> **SOURCE MATERIAL**:
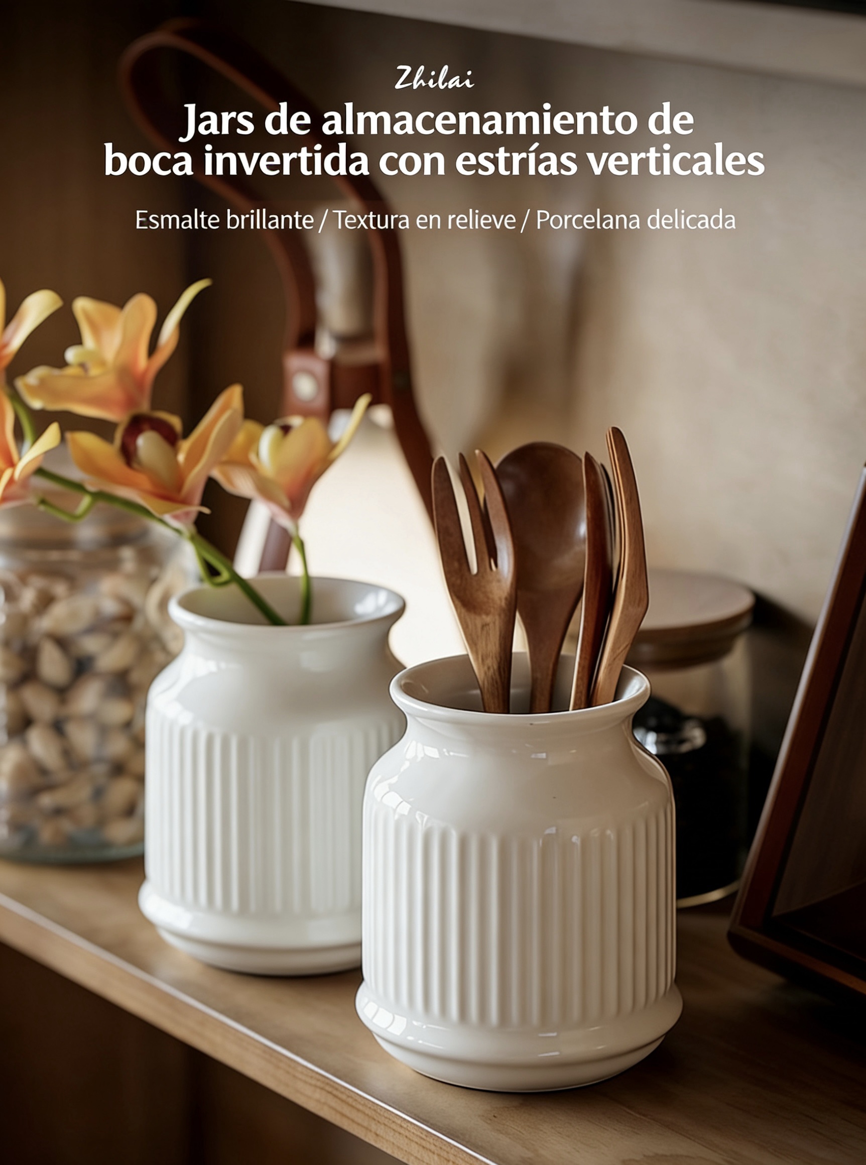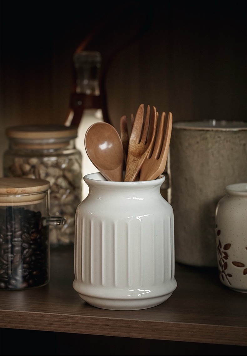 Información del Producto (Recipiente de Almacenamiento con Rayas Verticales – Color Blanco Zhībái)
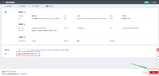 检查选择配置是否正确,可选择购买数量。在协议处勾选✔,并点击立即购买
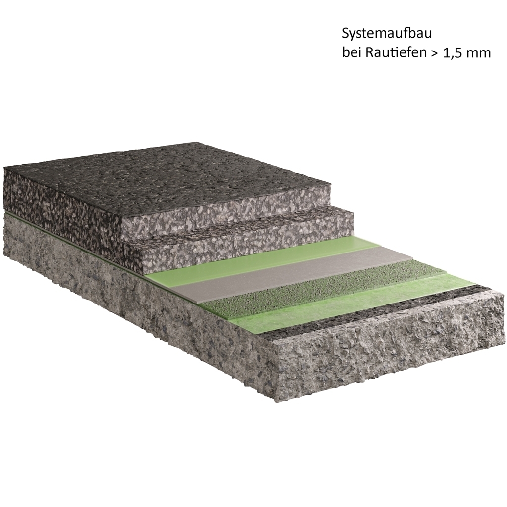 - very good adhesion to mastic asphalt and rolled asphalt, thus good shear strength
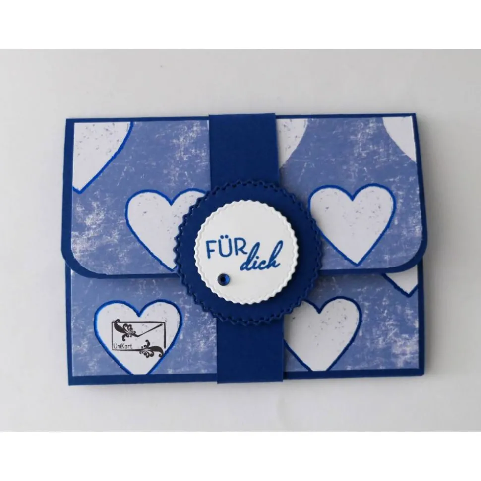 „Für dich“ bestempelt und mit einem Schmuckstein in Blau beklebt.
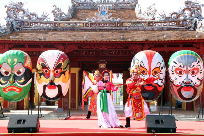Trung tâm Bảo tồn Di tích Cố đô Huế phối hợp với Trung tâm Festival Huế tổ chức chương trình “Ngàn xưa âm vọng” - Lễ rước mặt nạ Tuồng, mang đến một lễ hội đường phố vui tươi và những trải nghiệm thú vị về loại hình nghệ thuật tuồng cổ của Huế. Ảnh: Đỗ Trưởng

> **YOUR TASK**:
Return the records above in their entirety, word for word, with the pictures removed.

> **OUTPUT BELOW**:
 Información del Producto (Recipiente de Almacenamiento con Rayas Verticales – Color Blanco Zhībái)
 检查选择配置是否正确,可选择购买数量。在协议处勾选✔,并点击立即购买
 - very good adhesion to mastic asphalt and rolled asphalt, thus good shear strength
 „Für dich“ bestempelt und mit einem Schmuckstein in Blau beklebt.
Trung tâm Bảo tồn Di tích Cố đô Huế phối hợp với Trung tâm Festival Huế tổ chức chương trình “Ngàn xưa âm vọng” - Lễ rước mặt nạ Tuồng, mang đến một lễ hội đường phố vui tươi và những trải nghiệm thú vị về loại hình nghệ thuật tuồng cổ của Huế. Ảnh: Đỗ Trưởng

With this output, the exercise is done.